◆ What is required:
Copy all lines below exactly as written. Leave pictures out.

◆ Given data:
━━━━━━

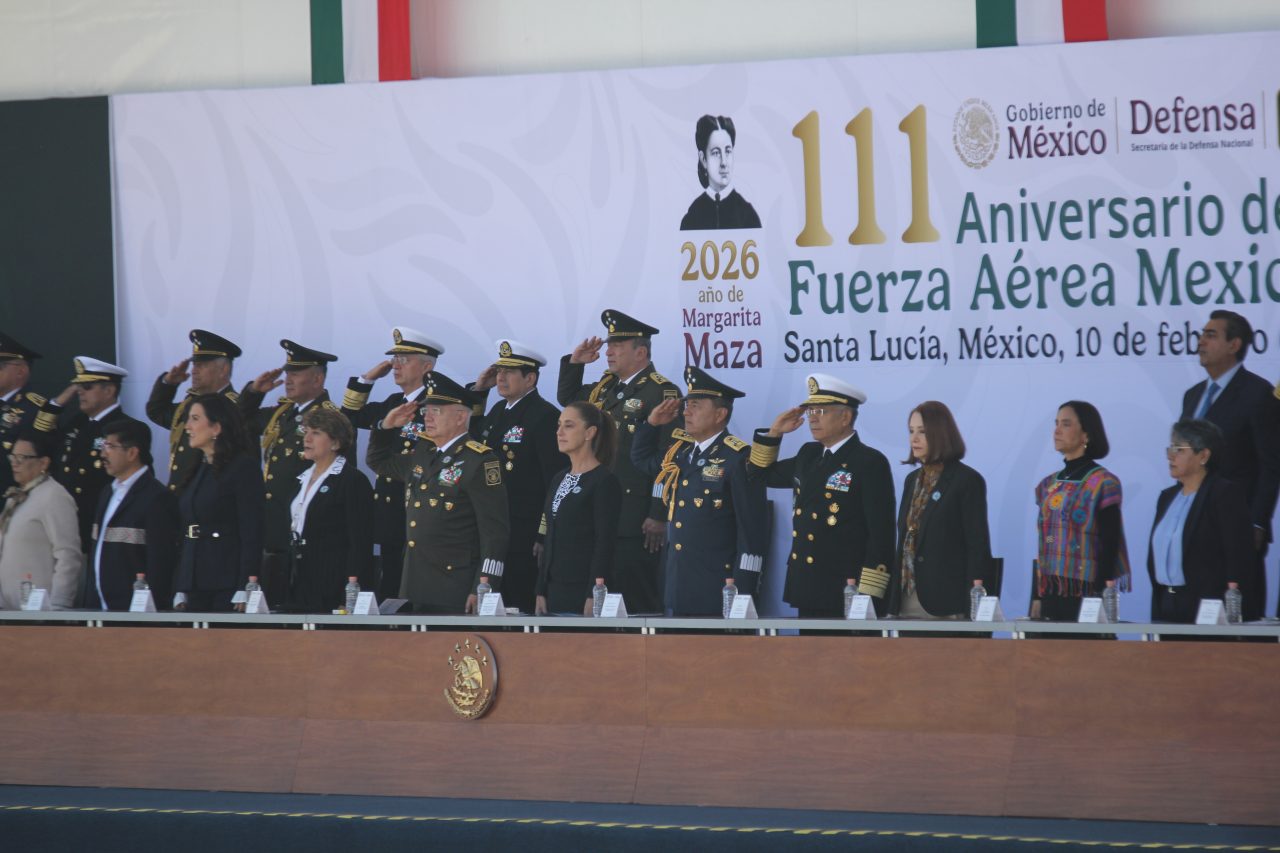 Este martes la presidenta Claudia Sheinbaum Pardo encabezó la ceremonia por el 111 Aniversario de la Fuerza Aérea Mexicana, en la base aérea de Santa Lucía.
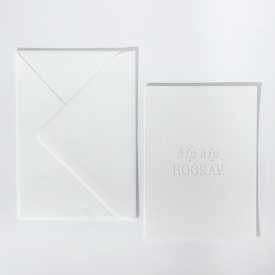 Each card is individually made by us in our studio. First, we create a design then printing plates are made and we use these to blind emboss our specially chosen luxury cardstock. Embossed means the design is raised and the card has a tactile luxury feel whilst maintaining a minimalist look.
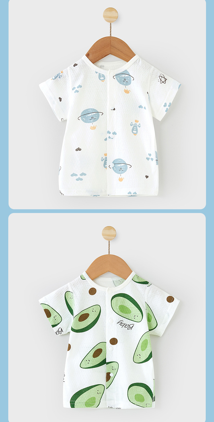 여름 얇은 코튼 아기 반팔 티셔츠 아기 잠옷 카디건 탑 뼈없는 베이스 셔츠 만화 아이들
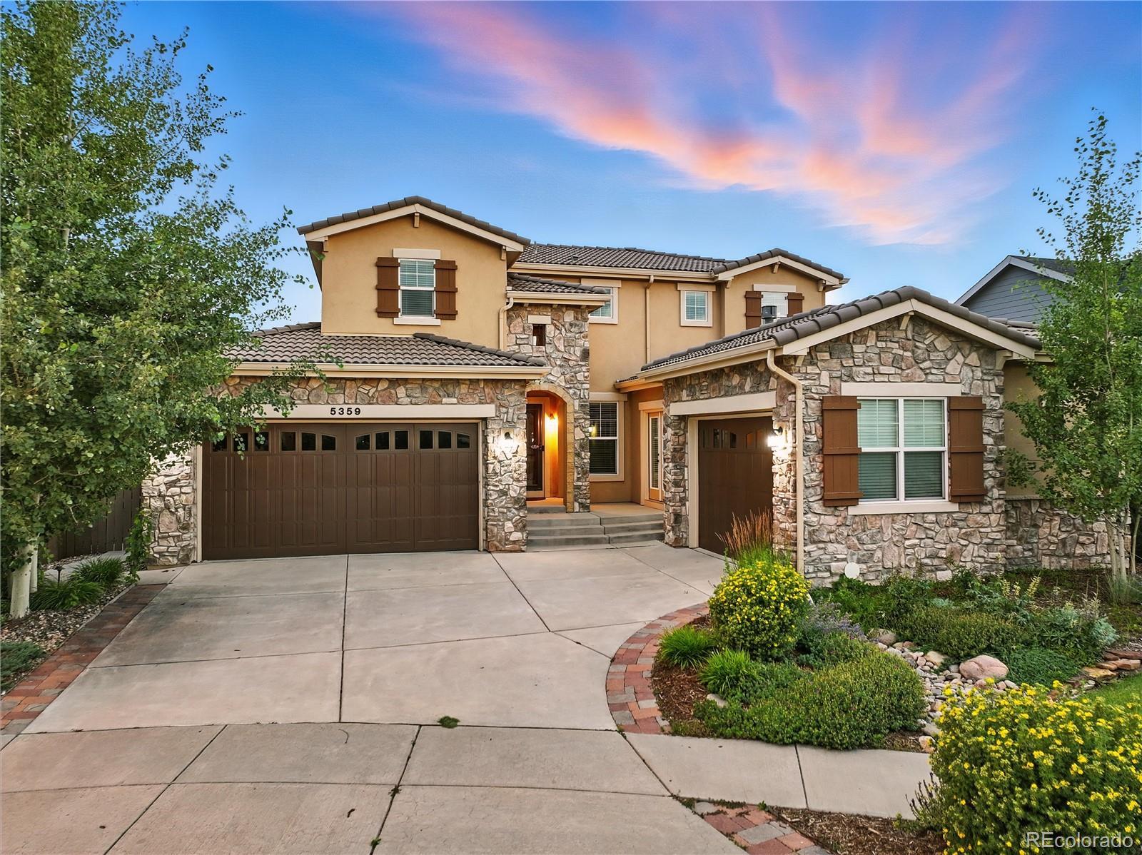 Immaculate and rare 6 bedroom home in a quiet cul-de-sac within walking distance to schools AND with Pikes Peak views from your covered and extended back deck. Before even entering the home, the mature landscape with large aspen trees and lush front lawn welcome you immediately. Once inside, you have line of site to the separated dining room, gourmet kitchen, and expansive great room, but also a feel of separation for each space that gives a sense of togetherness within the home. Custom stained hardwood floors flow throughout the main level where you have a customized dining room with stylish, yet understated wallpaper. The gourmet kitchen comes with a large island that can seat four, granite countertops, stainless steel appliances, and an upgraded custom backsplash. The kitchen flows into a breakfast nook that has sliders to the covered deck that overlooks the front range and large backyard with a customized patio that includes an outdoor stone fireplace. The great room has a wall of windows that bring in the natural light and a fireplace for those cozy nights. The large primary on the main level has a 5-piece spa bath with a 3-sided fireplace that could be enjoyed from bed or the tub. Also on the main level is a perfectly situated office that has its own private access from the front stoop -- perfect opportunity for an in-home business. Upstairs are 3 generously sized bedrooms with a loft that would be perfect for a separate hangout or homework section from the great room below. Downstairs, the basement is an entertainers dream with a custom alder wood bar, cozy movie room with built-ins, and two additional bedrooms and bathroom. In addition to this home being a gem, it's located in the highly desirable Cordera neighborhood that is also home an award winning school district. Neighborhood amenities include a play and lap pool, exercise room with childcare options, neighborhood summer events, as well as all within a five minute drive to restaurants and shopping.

━━━━━━

◆ Worked solution:
 Este martes la presidenta Claudia Sheinbaum Pardo encabezó la ceremonia por el 111 Aniversario de la Fuerza Aérea Mexicana, en la base aérea de Santa Lucía.
 Each card is individually made by us in our studio. First, we create a design then printing plates are made and we use these to blind emboss our specially chosen luxury cardstock. Embossed means the design is raised and the card has a tactile luxury feel whilst maintaining a minimalist look.
 여름 얇은 코튼 아기 반팔 티셔츠 아기 잠옷 카디건 탑 뼈없는 베이스 셔츠 만화 아이들
 Immaculate and rare 6 bedroom home in a quiet cul-de-sac within walking distance to schools AND with Pikes Peak views from your covered and extended back deck. Before even entering the home, the mature landscape with large aspen trees and lush front lawn welcome you immediately. Once inside, you have line of site to the separated dining room, gourmet kitchen, and expansive great room, but also a feel of separation for each space that gives a sense of togetherness within the home. Custom stained hardwood floors flow throughout the main level where you have a customized dining room with stylish, yet understated wallpaper. The gourmet kitchen comes with a large island that can seat four, granite countertops, stainless steel appliances, and an upgraded custom backsplash. The kitchen flows into a breakfast nook that has sliders to the covered deck that overlooks the front range and large backyard with a customized patio that includes an outdoor stone fireplace. The great room has a wall of windows that bring in the natural light and a fireplace for those cozy nights. The large primary on the main level has a 5-piece spa bath with a 3-sided fireplace that could be enjoyed from bed or the tub. Also on the main level is a perfectly situated office that has its own private access from the front stoop -- perfect opportunity for an in-home business. Upstairs are 3 generously sized bedrooms with a loft that would be perfect for a separate hangout or homework section from the great room below. Downstairs, the basement is an entertainers dream with a custom alder wood bar, cozy movie room with built-ins, and two additional bedrooms and bathroom. In addition to this home being a gem, it's located in the highly desirable Cordera neighborhood that is also home an award winning school district. Neighborhood amenities include a play and lap pool, exercise room with childcare options, neighborhood summer events, as well as all within a five minute drive to restaurants and shopping.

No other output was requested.